If the student is from the more individualized culture, it might be important to work with him on setting up ways to stay in touch with his mother on a regular basis, and on helping to connect him to resources in the area that might be able to assist. You can work out an emergency plan with him in case his mother becomes truly debilitated. You can help him to think about who is in the area that could also assist and check in with his mother so that she has people watching out for her on a regular basis. Are there siblings? Family friends? Neighbors? Can he work out a car-pooling system for regular visits home on the weekends?
In the case of the student who may be part of a culture that places a strong value on the family and the group, you might want to work with him on finding a pathway to college that would allow him to remain in his house. Perhaps he needs to attend a university that is close to home? Maybe he needs to take a reduced class load in order to help out with his mother's care? Perhaps a two-year college is a good place for him to start with flexible class times so that he can share in the care of his mother with other family or siblings and still find time to begin his college education?
The place to start, though, is in confronting your own cultural biases. If you read the above example and felt more sympathy with one scenario over the other, does that color your judgement when working with your students? You probably are going to feel more comfortable with one path versus another--that is normal and to be expected. Our own values are a part of who we are. However, what is important is being aware of these predispositions so that you are able to prevent them from hindering your work with students and families who may have a different life-perspective.

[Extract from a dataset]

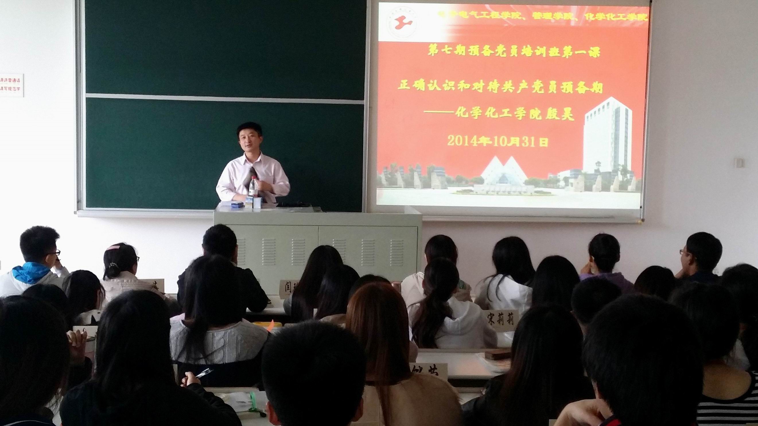 10月31日下午,上海工程技术大学第七期预备党员培训班第一课在教学楼F210开讲,化学化工学院殷昊老师作了“正确认识和对待共产党员预备期”的专题讲座,来自yl6809永利官网、化学化工学院和管理学院三个学院的全体预备党员聆听了讲座。

There are many resources available to gain more skills in working from a multicultural perspective. The Association for Multicultural Counseling and Development has resources available on their website, and the list of multicultural competencies is available on the ACA website. If you are interested in reading further into working with diverse populations, I would recommend taking a look at two books. The first is edited by one of the gurus of multicultural counseling, Courtland Lee at the University of Maryland, entitled Multicultural Issues in Counseling. The second book is published by ASCA and is Multiculturalism and Diversity by Sharon Ravitch, Ph.D. Both of these publications are filled with resources, strong research, and case studies. Moreover, there may be classes, workshops, or in-services available through your school district, local universities, or professional organizations to help develop your multicultural counseling skills.